Kristy M. Ainslie is a Fred Eshelman Distinguished Professor in pharmaceutical science at University of North Carolina at Chapel Hill in the 
Eshelman School of Pharmacy and chair of the Division of Pharmacoengineering and Molecular Pharmaceutics. She is also joint in the UNC School of Medicine Department of Microbiology and Immunology and affiliated faculty in the UNC/NC State joint Biomedical Engineering department. Additionally, she is part of UNC's Biological and Biomedical Sciences Program (BBSP).

Background
Ainslie completed her Bachelors of Science in Chemical engineering from Michigan State University in 1999. After working as an environmental engineer at Malcolm Pirnie, she began graduate school at Penn State as a fellow in the Huck Institutes of the Life Science. In 2003, she completed her Masters of Science in Chemical engineering under John Tarbell, focusing on shear stress modulation of vascular smooth muscle cell contraction.

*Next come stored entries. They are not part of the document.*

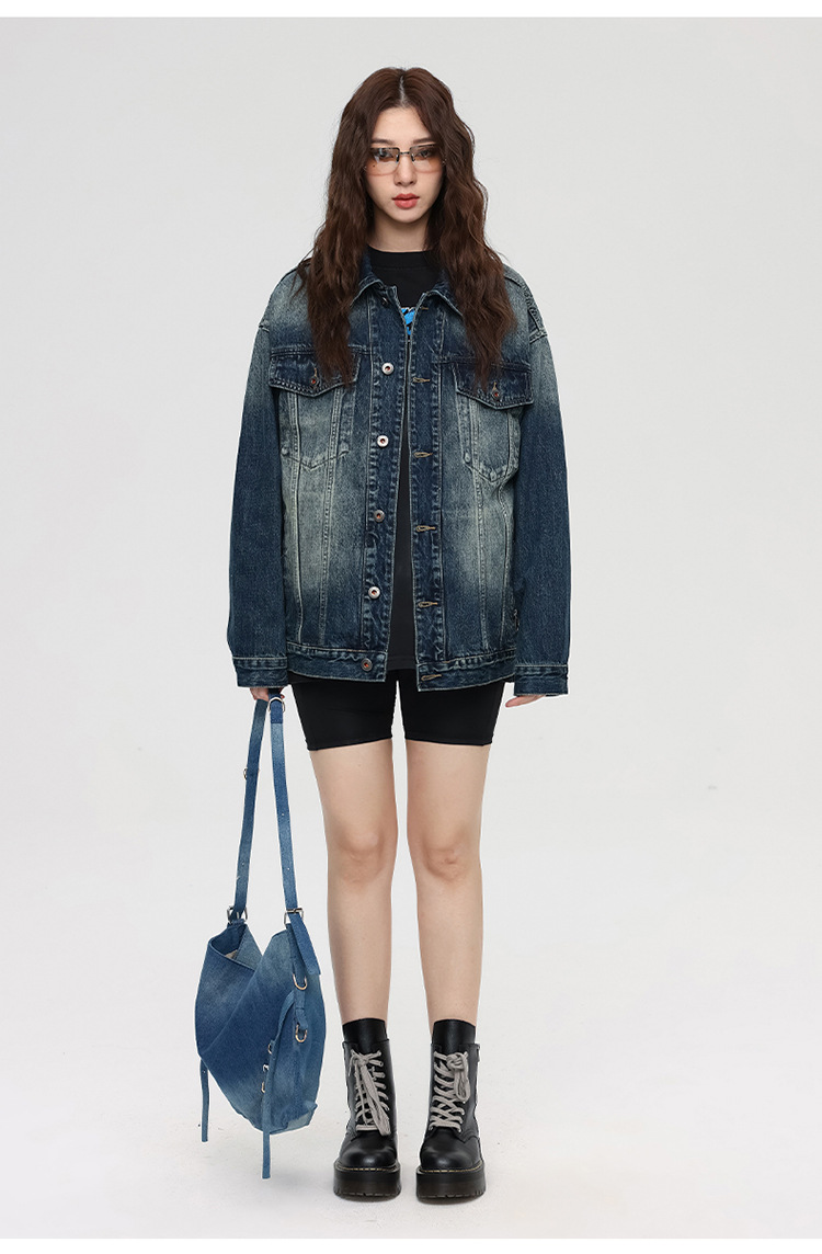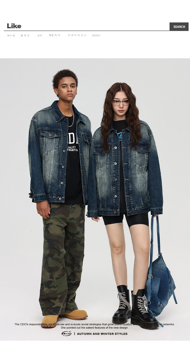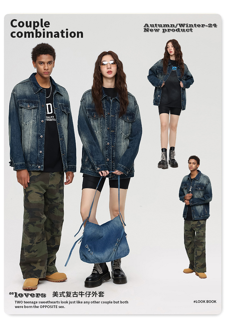 厂家直销男士春秋宽松牛仔外套,高级美式街潮风,牛仔夹克,日常休闲,时尚百搭
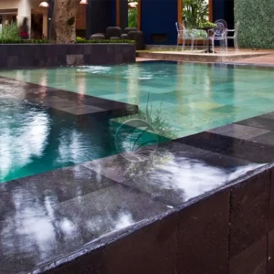 A continuación, te damos algunos ejemplos de como nuestro azulejo piedra de Bali para piscina se convierte en una auténtica estrella en el diseño del espacio, brindando un aspecto de belleza asombrosa y alta gama.
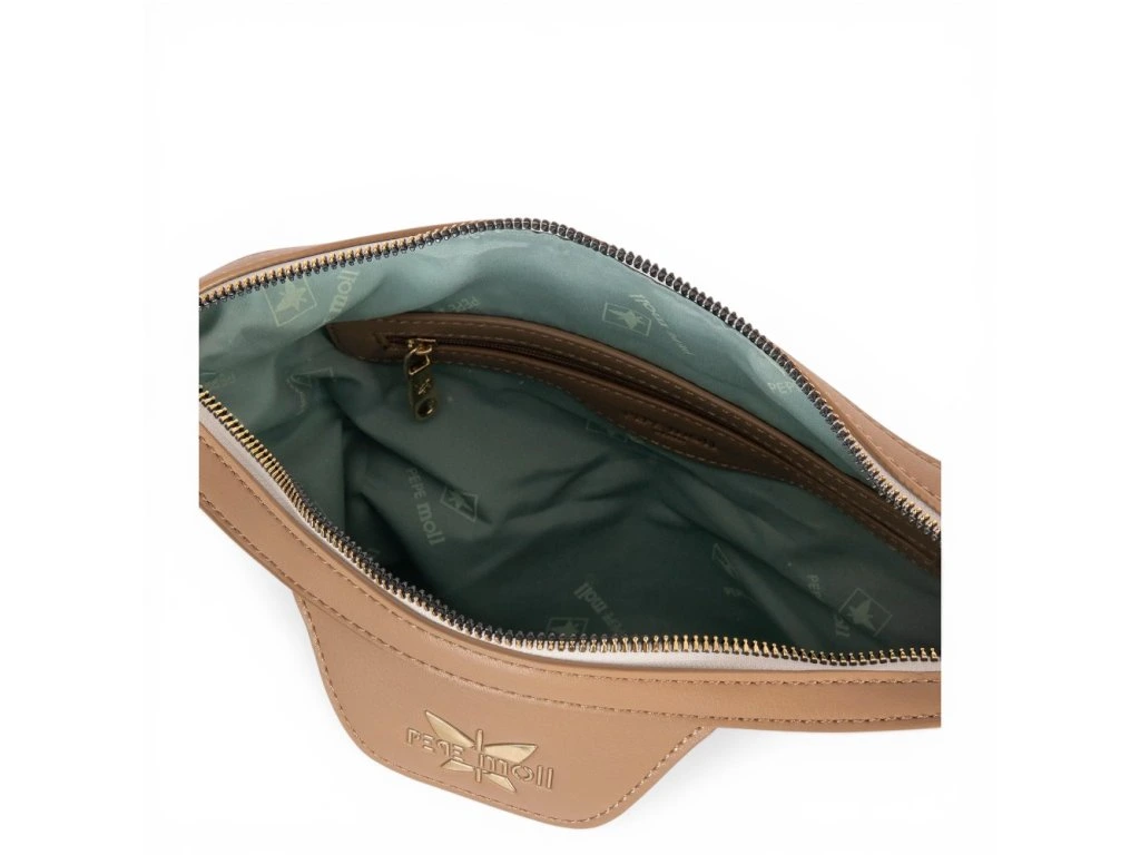 Vnitřek: Vnitřek kabelky je vyrobený z textilního materiálu s ukládacím prostorem na telefon a dalšími přihrádkami.

Two years later in 2005, she completed her PhD in Chemical engineering under Micheal Pishko, focusing on protein adhesion and cell responses to nanomaterials. After a brief post doc at the microcantilever start-up Protiveris, she worked with Lloyd Whitman at the United States Naval Research Laboratory. In 2006, she began a post doc at University of San Francisco in the Department of Bioengineering and Therapeutic Sciences under the direction of Tejal Desai. The focus of Ainslie's research at UCSF was on microfabricated oral drug delivery carriers and immune responses to planar nanomaterials.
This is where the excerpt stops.